What is your experience of teaching? Pat Leon asks teachers how they manage
Name: Peter Chevins
Job: Senior lecturer in biology and neuroscience; director of studies and finance manager, School of Life Sciences, Keele University.
Salary: Senior lecturer scale.
Qualifications: BSc zoology; PhD (Leeds University); higher education teaching certificate (SEDA).
Experience: Assistant lecturer, Glasgow University department of zoology, 1967-69; demonstrator, Newcastle upon Tyne University and the Dove Marine Laboratory, 1970-72; lecturer, then senior lecturer at Keele University since 1972; head of biological sciences, 1989-94.
Hours spent teaching: My formal contact hours are about 320 a year, and I spend about three hours on average in preparation and assessment for each contact hour, so this means about 1,200 teaching-associated hours. I teach on principal courses in biology, neuroscience and biomedical sciences and make small contributions in physiotherapy and medicine.
Hours on red tape: As chair of the teaching and learning committee, responsible for teaching quality throughout the school and for managing the school finances, most of the remainder of my time is spent on management and administration.
Hours on research: About 150 hours a year. My PhD student has just completed so I do little science research now. I have begun some research into teaching methods and student learning styles.

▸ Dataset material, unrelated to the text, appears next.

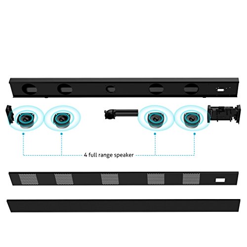 2.0 Channel Soundbar with Remote Control: Sound bar features 4 high quality speakers, deliver enhanced volume and clear excellent stereo sound, using remote control freely arbitrary switch the movies, television shows, video games and music, you can enjoy an fantastic home theater surround sound experience

Teaching bugbear: Getting students to be actively involved. In seminars and tutorials I find it hard to generate discussion, and in lectures students too often take notes without thinking and then file them away until exam time.
How do you solve it? In small-group teaching, so much depends on the quality of the students: poor ones need prompting with specific questions.
In lectures, I have recently started giving prescribed reading with weekly tests to try to keep them learning all semester, not just cramming for exams.
Worst teaching moment: Whenever the projector displays inverted images, and the day when it had been stolen from its ceiling mounting and replaced with a 35mm projector.
Funniest: Lecturing on animal behaviour - the topic was mate choice and courtship - and by chance it was Valentine's day. I was interrupted by a student wanting to deliver a red rose to someone in class.
Teaching tip: Try to see the experience from the students' viewpoint, not your own. Is it interesting for them, and what will they gain from it?
Outside interests: Bowling leg-breaks and googlies - recently retired; badminton, gardening, walking, theatre and concerts.